Posted by Doug Cutting <cu...@apache.org>.
Justin Santa Barbara wrote:
> What about Philip's point on existing Hadoop interfaces?  Any plans for how
> we'll generate the Protocol object for these?

I'm hoping to use reflection initially for this.  That's the motivation 
for my renewed interest in AVRO-80.

https://issues.apache.org/jira/browse/AVRO-80

My rationale is that I don't want to assume we'll move Hadoop onto Avro 
overnight.  So I'd like to move things in a way that's easy to maintain 
in a branch/patch.  If we can get reflection to work, then we only need 
to update two places per Hadoop protocol: where it calls RPC.getProxy() 
and RPC.getServer().  Then we can start looking at performance.  We 
cannot commit Avro-based Hadoop RPC until performance is adequate, and 
we don't want to have to maintain a patch that changes many central data 
structures in Hadoop while we're testing and improving performance, 
since that might take time.

Once we've committed Hadoop to using Avro, then we can consider, 
protocol-by-protocol, replacing Hadoop's Writable objects with Avro 
generated objects.  Until then, the protocol will be defined implicitly 
by Java through reflection.

Note that if performance is inadequate due to reflection itself, rather 
than the client/server implementations, we might resort to byte-code 
modification to accelerate it.

https://issues.apache.org/jira/browse/AVRO-143

This would also be a temporary approach.  Longer-term we should move 
Hadoop to use protocols declared in .avpr files and generated classes. 
But I don't think that's practical in the short-term.
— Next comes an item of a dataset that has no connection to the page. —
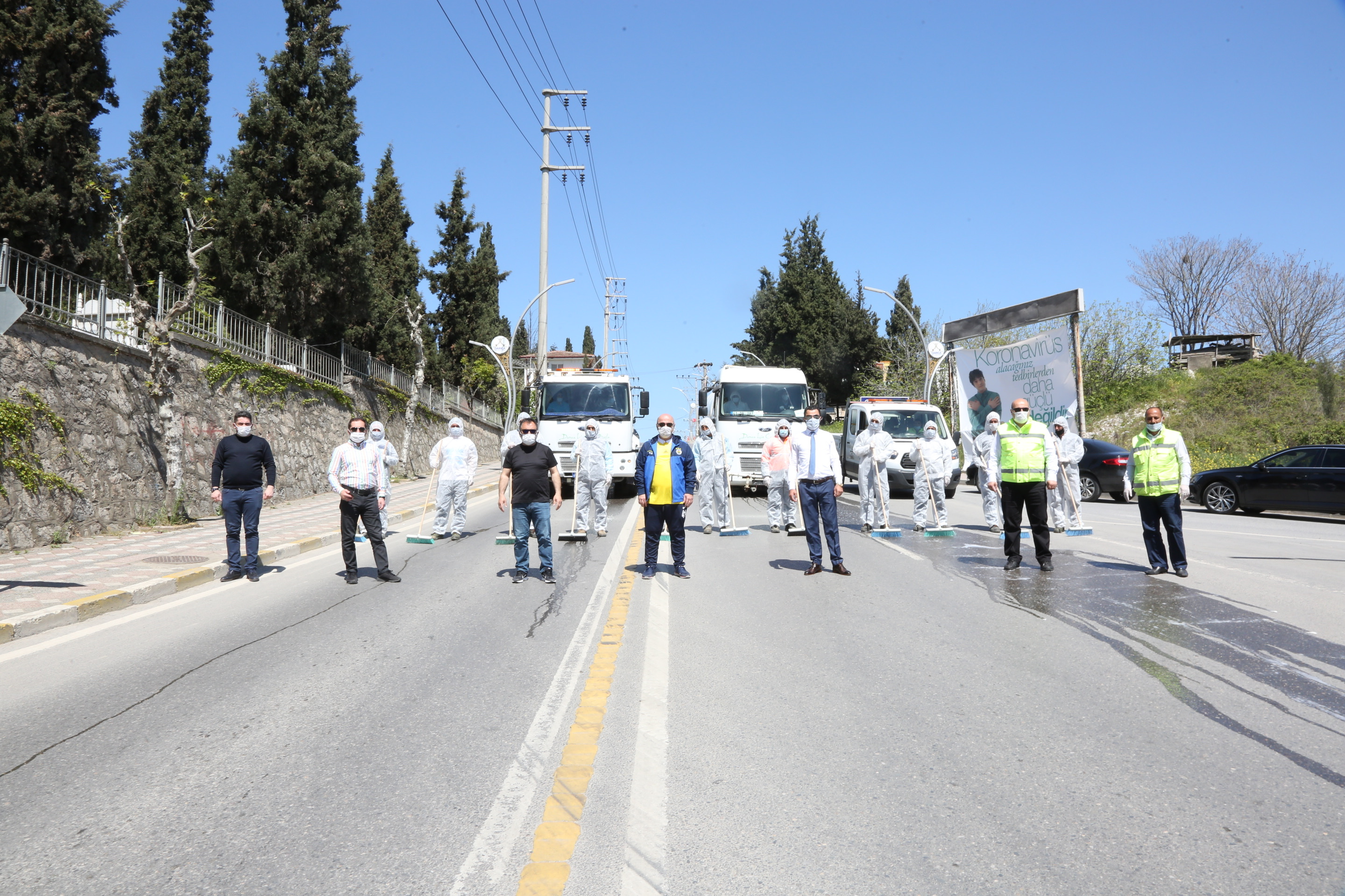 Darıca Belediye Başkanı Muzaffer Bıyık da yıkama çalışmalarını yerinde inceleyerek ekiplerden bilgi aldı. Darıca’da koronavirüs tedbirleri kapsamında bütün mahallelerde ana caddeler ve ara sokaklarda yıkama çalışmaları yaptıklarını ifade eden Başkan Muzaffer Bıyık, “Virüs salgınının ülkemizde görüldüğü ilk günden itibaren bizler de vatandaşlarımızın sağlığı ve huzuru için gerekli bütün tedbirleri aldık. Cumhurbaşkanlığı ve İçişleri Bakanlığımızın yayınladığı genelgeler ile Bilim Kurulu’nun tavsiye kararları doğrultusunda çalışmalarımızı sürdürüyoruz. Bu kapsamda ilçe genelinde dezenfekte çalışmaları yapıyoruz. Her mahallemizde düzenli olarak cadde ve sokaklarda yıkama çalışmalarımız devam ediyor. Sokağa çıkma yasağında da caddelerimiz boş kaldığı için dezenfektanlı suyla yıkama işlemi gerçekleştirdik. Bu çalışmalarımıza ara vermeden devam edeceğiz. Fedakarca çalışan ekiplerimize teşekkür ediyorum. Vatandaşlarımız evlerinde kalmaya devam etsin. Aldığımız tedbirler ile virüs salgınını hep birlikte atlatacağız” diye konuştu.

My current short-term goal is to try to get Avro's reflection to the 
point where it can implement NamenodeProtocol.

Does this make sense?

Doug

Re: Why Paranamer?

Posted by Scott Carey <sc...@richrelevance.com>.


On 11/11/09 8:49 AM, "Justin Santa Barbara" <ju...@fathomdb.com> wrote:

> Caching the protocol seems a better approach than mine.  I did notice that
> the Protocol was being reconstructed using reflection (and there seem to be
> a few bugs around it, e.g.  Avro-171), so was thinking that maybe this
> should be done.  Happy that you did it for me!
> 
> What about Philip's point on existing Hadoop interfaces?  Any plans for how
> we'll generate the Protocol object for these?
> 
> Justin

Maybe Annotation Mix-ins are useful here?  You could define all the
necessary bits to connect an existing set of classes/interfaces and not
modify any of the original classes:
http://wiki.fasterxml.com/JacksonMixInAnnotations

I'm not familiar enough with the Avro implementation yet to know if I'm way
off on this however...

> 
> 
> 
> 
> On Wed, Nov 11, 2009 at 8:42 AM, Doug Cutting <cu...@apache.org> wrote:
> 
>> Justin Santa Barbara wrote:
>> 
>>> @SuppressWarnings("all")
>>> public interface BulkData {
>>>  ByteBuffer read() throws AvroRemoteException;
>>>  Void write(@Named("data") ByteBuffer data) throws AvroRemoteException;
>>> }
>>> 
>> 
>> I've taken a different approach in AVRO-185.
>> 
>>  https://issues.apache.org/jira/browse/AVRO-185
>> 
>> There I simply added the protocol to the generated interface, so reflection
>> need no longer be used to determine the method list, nor method parameter
>> names.
>> 
>> 
>>  I'm guessing there's some historical reason here - can anyone fill me in
>>> on
>>> the reasoning?
>>> 
>> 
>> The historic reason is that reflect was implemented before specific, and
>> specific was built to depend on reflect.  Reflect already had a means to get
>> the method list (including parameter names) from an interface, so none was
>> added for specific.
>> 
>> Doug
>> 
> 


Re: Why Paranamer?

Posted by Justin Santa Barbara <ju...@fathomdb.com>.
Caching the protocol seems a better approach than mine.  I did notice that
the Protocol was being reconstructed using reflection (and there seem to be
a few bugs around it, e.g.  Avro-171), so was thinking that maybe this
should be done.  Happy that you did it for me!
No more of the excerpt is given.